February 19, 2005

Letter to the Paper IL

Tech Central Station has an ultimately disappointing examination of dhimma from a muslim perspective called Reductio ad Jihadam. I wrote the author a letter expressing my dissatisfaction.


I read with interest your TCS column on dhimma from a muslim perspective (http://www.techcentralstation.com/021705B.html). Unfortunately, I find it filled with straw men and other disappointments. An analogy to US practices on race makes the real objection to dhimma more clear. In the era of slavery, an advocate of Jim Crow would have been considered a radical progressive, lumped in with the abolitionists as a threat to the even more oppressive slavery system. But after the Civil War and the freedom of blacks under Reconstruction, the same policies were a method of partial re-enslavement, a reactionary movement that increased suffering and was a form of evil.

In the time of christian intolerance the dhimma system was jim crow in a world of cross-confessional harsh repression and admirable by comparison to many christian practices. In the time of universal human rights, dhimma is still jim crow and a black mark against Islam where it is still practiced.

But where is dhimma still practiced? I would suggest that a habitual repression is hardly noticed by the masters in a system. It is felt far more keenly by the people at the bottom of the heap. Ask the Copts of Egypt whether it is true that the Pact of Umar has no relevance to their lives. You will find that Copts can only build churches with special permission. Liberalization on this matter means that instead of a church repair or construction being personally approved by Hosni Mubarak, in recent years he has increased the number of people who can issue such approvals to two. You cannot say that it is as bad as before but it is also certainly repression and worthy of condemnation that mosques not only have easy approval but public subsidy while the remnants of the Egyptian christian community struggle for simple things. Sticking to just Egypt, the apostasy laws are certainly still in force and muslims who convert to christianity receive a very hostile reception from the Egyptian state. Those whose spiritual journey is in the other direction have no such impediments as changing their ID card or worrying about christian assassins killing them. Muslims killing apostates is a real issue.

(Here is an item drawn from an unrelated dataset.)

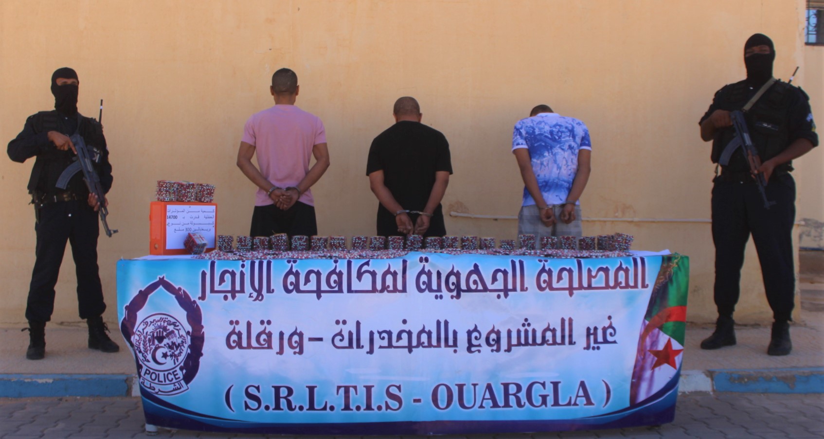 في إطار مكافحة الجريمة المنظمة، ولا سيما ما تعلق منها بالاتجار غير المشروع بالمخدرات والمؤثرات العقلية، تمكن عناصر المصلحة الجهوية لمكافحة الاتجار غير المشروع بالمخدرات بورقلة، خلال الأسبوع المنصرم، من تفكيك شبكة إجرامية منظمة تتكون من ثلاثة (03) أشخاص، مع ضبط كمية معتبرة من المؤثرات العقلية.

Today, in the US, to openly call for the reestablishment of Jim Crow is not just a small minority opinion. Publicly advocating such is a sure route to social ostracism, political unpopularity, and a multi-racial economic boycott. Openly calling for the worldwide establishment of a dhimma system as Osama bin Laden has done seems to lead to rock star status from Indonesia to Morocco. When the reaction to wearing an Osama bin Laden t-shirt is the same in Indonesia as wearing a 'Bull Conner' or Lester Maddox t-shirt is here (ie you'd have to explain who he is and would get a hostile reaction thereafter), Islam can claim to have caught back up to the civilized world.